実際の磁性材料測定システムは用途に応じたさまざまな試験枠や解析ソフトが必要となるため、専業の測定器メーカが作った装置が使われている。

図41に示したインバータ励磁鉄損測定装置は実際のモータに印加されるインバータ波形での評価とJIS規格で規定されている正弦波での磁性材料の評価ができるようになっている。励磁周波数は40Hz~20kHzまでとなっている。

図41. インバータ励磁鉄損測定装置

図41. インバータ励磁鉄損測定装置

提供:メトロン技研
メトロン技研株式会社のホームページ http://www.metron.co.jp/

セラミックコンデンサの音鳴き

強誘電性のセラミックコンデンサは、誘電体に交流電圧がかかると誘電体が変形する(歪む)という特性がある。このため、可聴域の周波数(20Hz~20kHz)の電圧がセラミックコンデンサにかかるとセラミックコンデンサが振動し、基板にその振動が伝達されて音鳴きが発生する。電子機器からの不快な音が発生することが問題となり、コンデンサメーカではセラミックコンデンサからの音を図42で示すようなシステムで評価している。

図42. セラミックコンデンサの鳴き評価システム

図42. セラミックコンデンサの鳴き評価システム

MEMSアクチュエータの駆動

MEMS(Micro Electro Mechanical Systems)は、機械要素部品、センサ、アクチュエータ、電子回路を微細加工技術によって集積化したものである。1960年代から研究が始まり、現在では自動車に搭載された加速度センサや、プロジェクタに使われているミラーデバイスなど多くの製品に組込まれている。

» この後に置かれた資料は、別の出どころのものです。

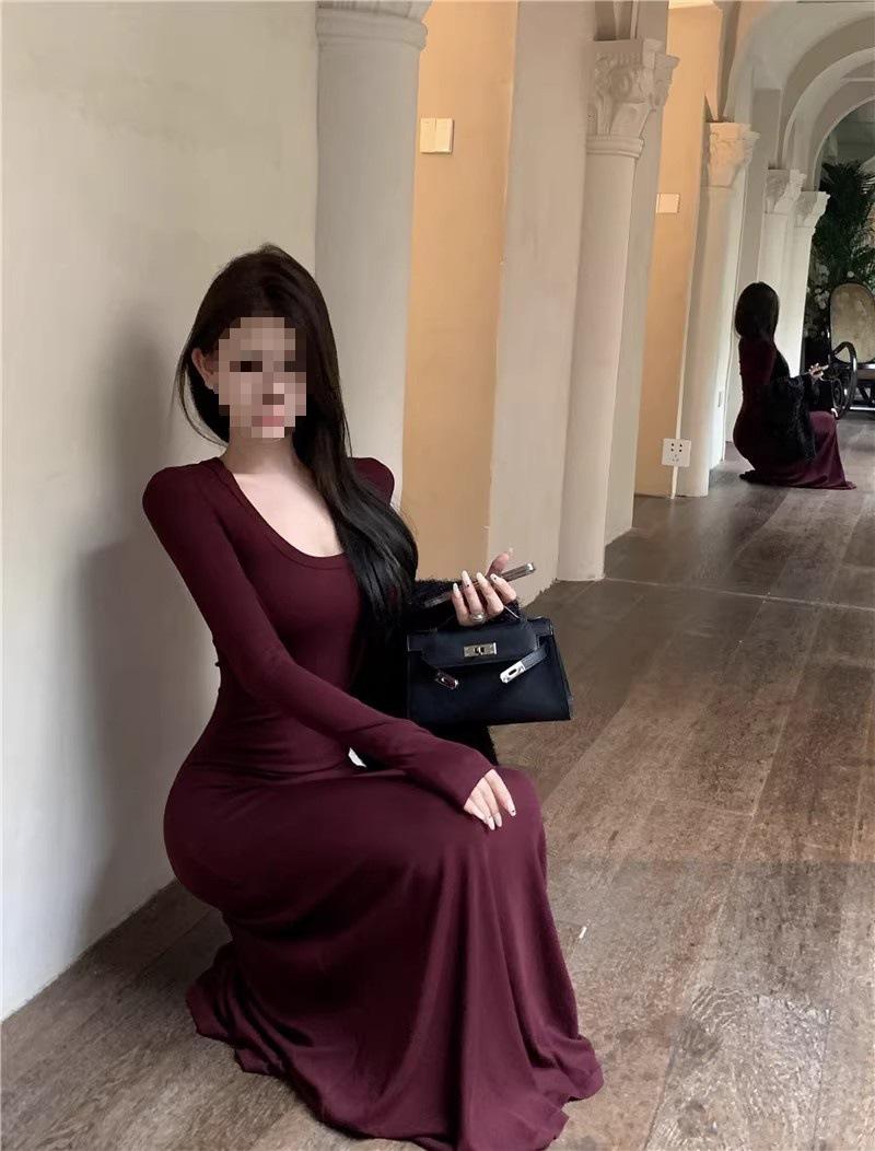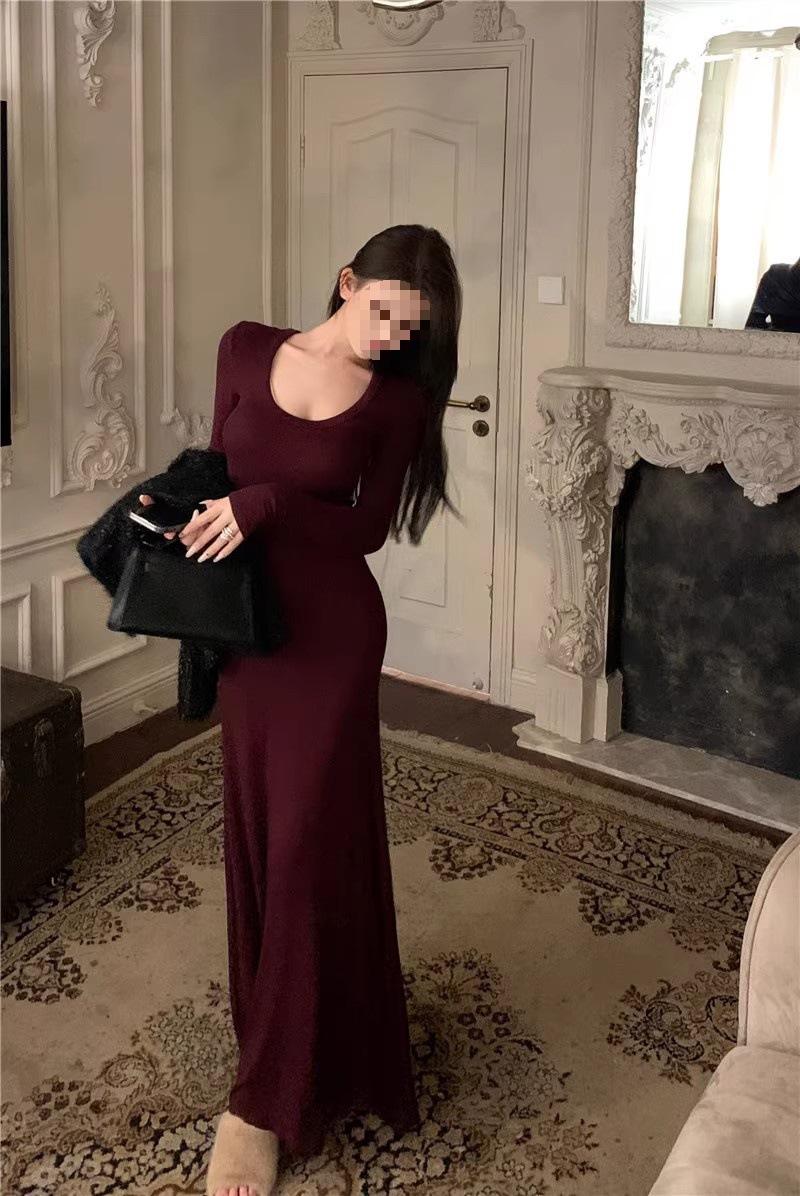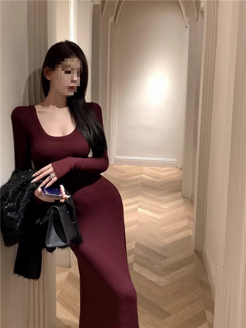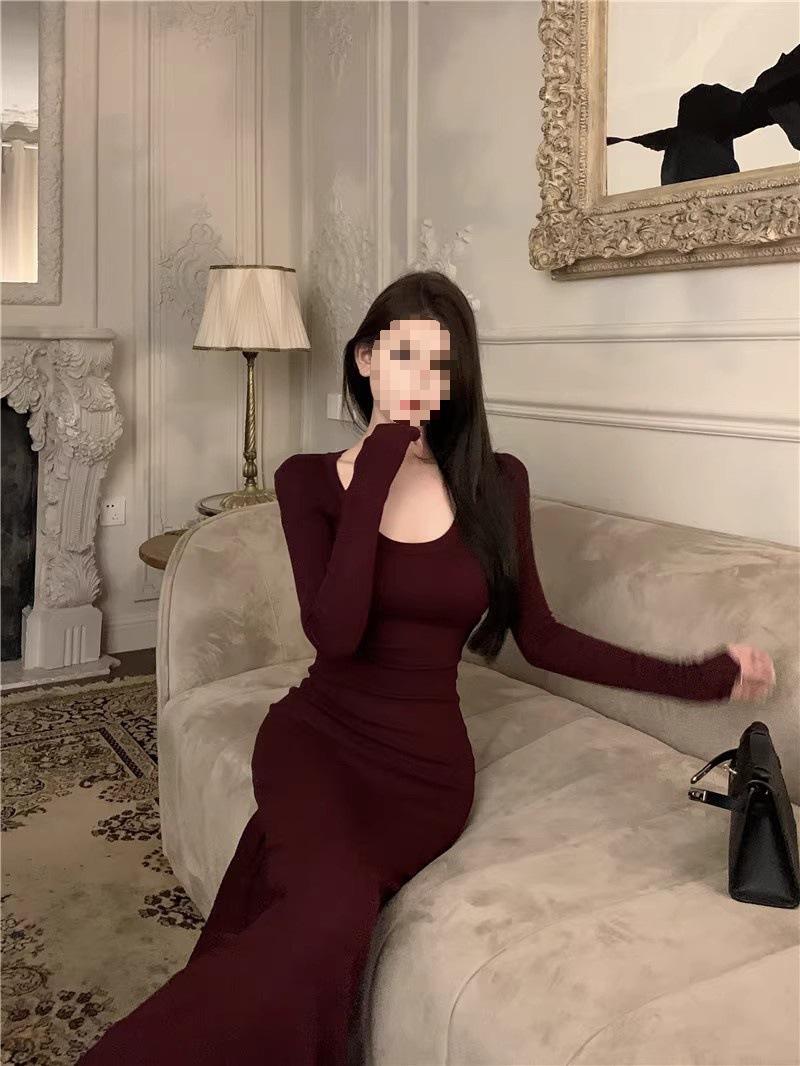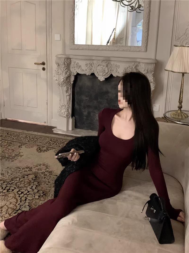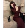 Vestido preto sexy europeu e americano de manga longa para mulheres, cintura justa, emagrecimento, bainha drapeada, vestido rabo de peixe
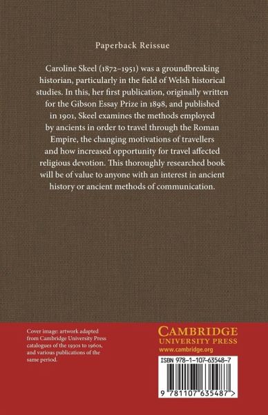 Caroline Skeel (1872-1951) was a groundbreaking historian, particularly in the field of Welsh historical studies. In this, her first publication, originally written for the Gibson Essay Prize in 1898, and published in 1901, Skeel examines the methods employed by ancients in order to travel through the Roman Empire, the changing motivations of travellers and how increased opportunity for travel affected religious devotion. This thoroughly researched book will be of value to anyone with an interest in ancient history or ancient methods of communication.
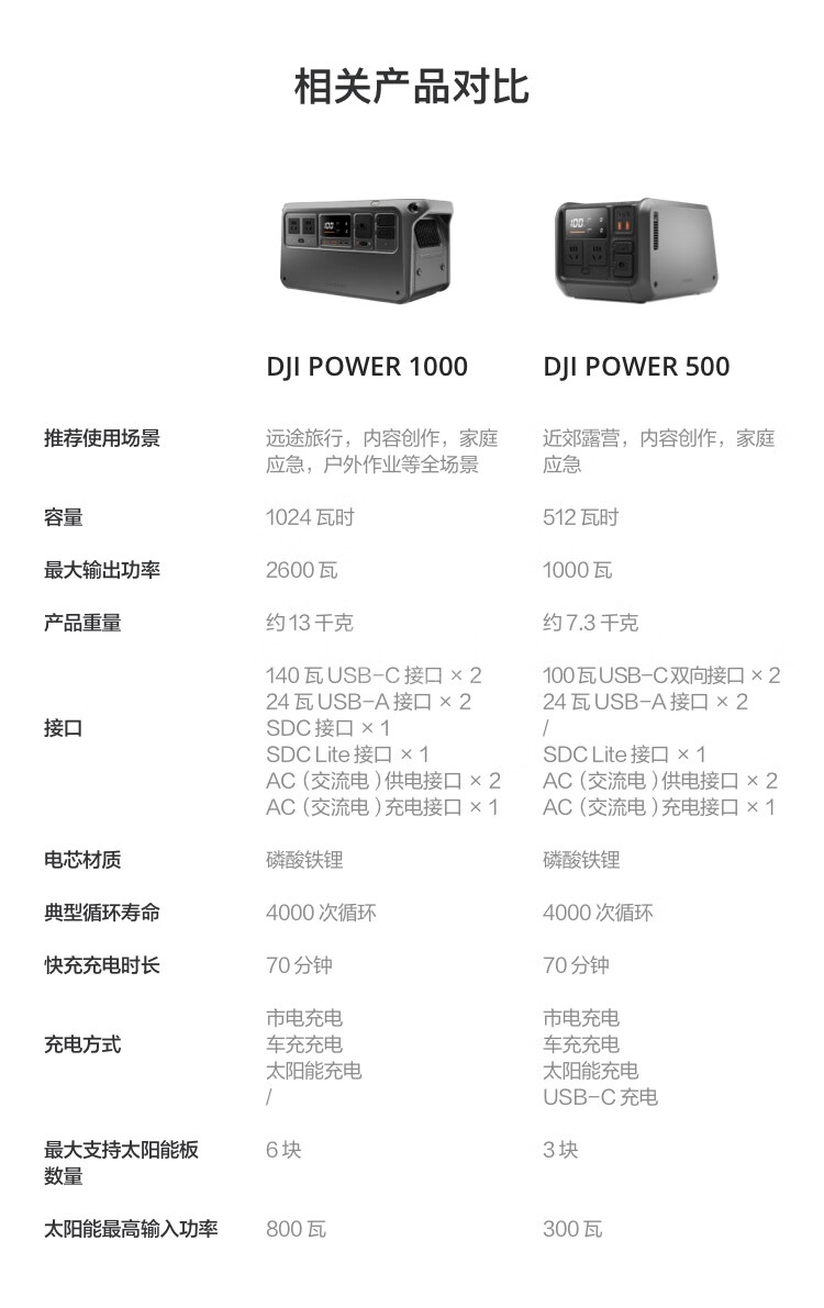 “DJI/大疆”DJI Power 1000 戶外移動電源 單個裝(2600W真大功率1度電220V大容量露營戶外車載擺攤備用儲能電源)
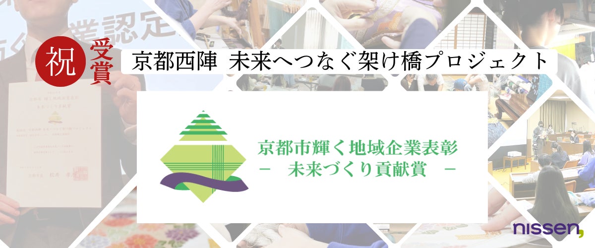 株式会社ニッセン(本社:京都市南区、代表取締役社長:羽渕淳)は、京都市、西陣織工業組合と連携し、伝統工芸品「西陣織」を活性化し、未来につなげるための活動『京都西陣 未来へつなぐ架け橋プロジェクト』に対して、京都市による「令和6年度 京都市輝く地域企業表彰 未来づくり貢献賞」を受賞したことをお知らせいたします。

インクジェットプリンタや超音波モータに使われているMEMS素子を使った圧電アクチュエータは小さくかつ高速で動作するため、図43のような装置が評価試験で使われる。MEMS素子の駆動はファンクションジェネレータとバイポーラ電源によって行い、MEMS素子の挙動はレーザ変位計と顕微鏡を使って観測される。

図43. MEMSアクチュエータ評価装置

図43. MEMSアクチュエータ評価装置

D級アンプのスピーカ駆動

携帯電話やパソコンなどで使われている効率のよいデジタルアンプのことをD級アンプという。アンプの入力はアナログ波形をPWM変調したものであるため、ファンクションジェネレータのPWM変調機能を使って評価信号波形が作れる。図44にはD級アンプの駆動評価回路を示す。

図44. D級アンプの駆動

図44. D級アンプの駆動

インバータなどもPWM変調を使ってモータなどの駆動波形を作るため、同様にして駆動回路の評価環境を構築できる。